- Это так, - согласилась она, смиряясь, что и его умудрилась заразить этой сентиментальной идиотией. - А ведь я почти ничего о вас не знаю.
- Не соглашусь с вами. Вы знаете обо мне больше, чем многие люди, с которыми я поддерживаю постоянный контакт.

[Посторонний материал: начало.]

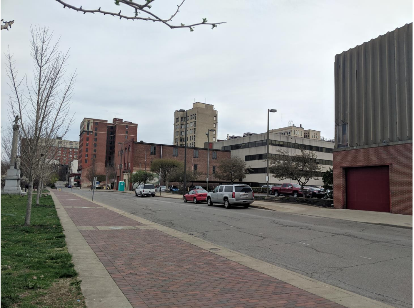
Photo 11. Water Street, facing northeast

Герда удивленно приподняла брови, спешно припоминая содержание всех их бесед за последние часы, но Кальдмеер не стал развивать тему, заметил только:
- Мне кажется, что я знаю о вас куда меньше, чем вы обо мне.
Герда чуть развела руки в стороны, точно открываясь для удара; кашаса сделала свое дело, в голове поселилась приятная легкость, а язык начал действовать на порядок быстрее мозга, и Вальдес великодушно и бездумно предложила Кальдмееру:
- Спрашивайте. Я - открытая книга. Отвечу на любой ваш вопрос.
Ее порыв его, кажется, обескуражил. Кальдмеер коротко кашлянул, точно бурбон пошел ему не в то горло.
- Не ищите двойного дна, все честно, - подбодрила его Герда. - Давайте, пофантазируйте. Что вы хотите обо мне знать?
Во взгляде его снова прорезалась какая-то непонятная грусть, до странности не вязавшаяся с тонкой, мягкой улыбкой. Но Вальдес не успела спросить, что тревожит Кальдмеера, потому что он заговорил первым:
- Вы сказали, что ваша мать из Канады. Но на уроженку северных краев вы совсем не похожи.
- Скажите спасибо моему папаше, - ответила Герда. - Он из Мексики. Они с маменькой познакомились в Южной Калифорнии - она всегда мечтала стать актрисой, знаете ли, и приехала туда, надеясь попасть в Голливуд. Ее родственница, моя тетка Юлиана, приютила ее, у нее было свое заведение в Сан-Диего и кое-какие деньжата. Актрисы из маменьки, конечно, не вышло, зато она познакомилась с папашей. Он работал на студии осветителем.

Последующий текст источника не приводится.